18/04/2013
Mais duas instituições públicas de ensino vão utilizar cotas em seus processos seletivos. Foi sancionada na noite do último dia 15 o projeto de lei 1.871/12, que cria o sistema de cotas para o Instituto de Aplicação Fernando Rodrigues da Silva (Cap-Uerj) e para a Fundação de Apoio à Escola Técnica (Faetec), ambos vinculados à Secretaria Estadual de Ciência e Tecnologia.

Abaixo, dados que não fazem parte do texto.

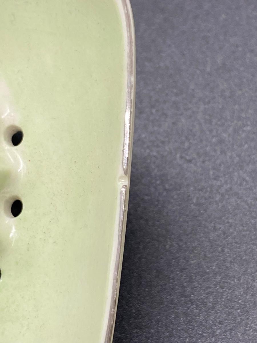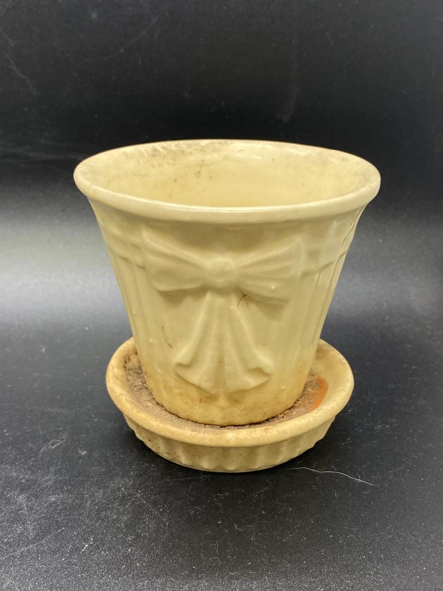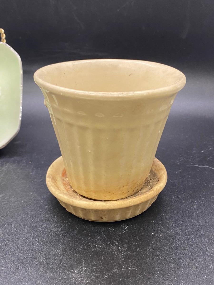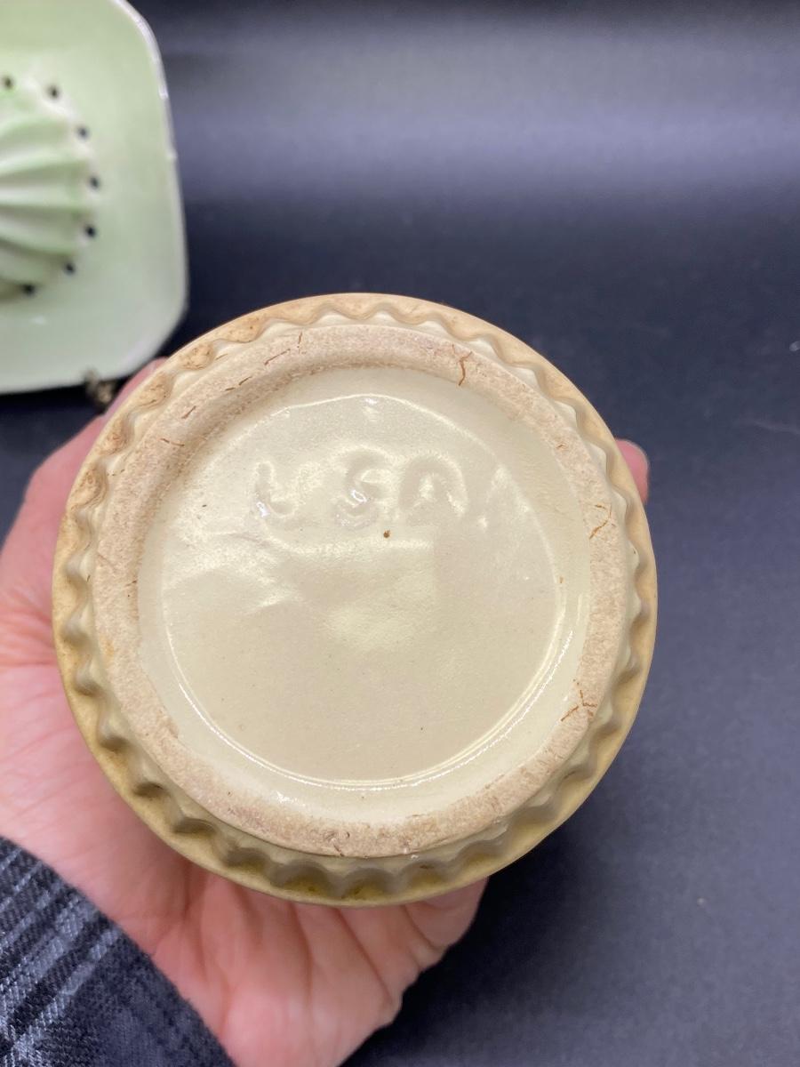 Vintage kitchenware lot. 4 piece lot includes two enameled metalware saucers, they have some scratches, dents, signs of age, a ceramic citrus fruit juicer, and a small planter pot. Planter marked USA on the bottom, needs to be cleaned. No major chips or damage to the juicer or pot.

De acordo com a nova lei, será considerado carente o candidato cuja renda familiar mensal per capita corresponda a um salário mínimo e meio. Estão garantidas as reservas em todos os turnos. Além disso, será criada também pela Uerj uma Comissão Permanente de Avaliação do Sistema. Ela enviará, anualmente, um relatório à Comissão de Educação da Alerj, como forma de garantir resultados acadêmicos satisfatórios.

No Cap-Uerj, as cotas para estudantes carentes serão distribuídas da seguinte maneira: negros, pardos e índios terão direito à 20% das vagas, estudantes vindos da rede pública terão direito à outros 20% e portadores de deficiências terão direito à 5% das vagas. Os limites de reserva para filhos de servidores foi redefinida, diminuindo dos atuais 50% para 25%, sendo 12,5% para filhos de servidores e 12,5% para filhos de funcionários.

Na Faetec, a distribuição segue os mesmos parâmetros. Estudantes carentes negros, pardos e índios terão 20% das cotas, assim como os oriundos de escolas públicas nas escolas técnicas do estado (20%). Outros 5% serão reservados para pessoas portadoras de alguma deficiência. Esses percentuais terão duração de cinco anos.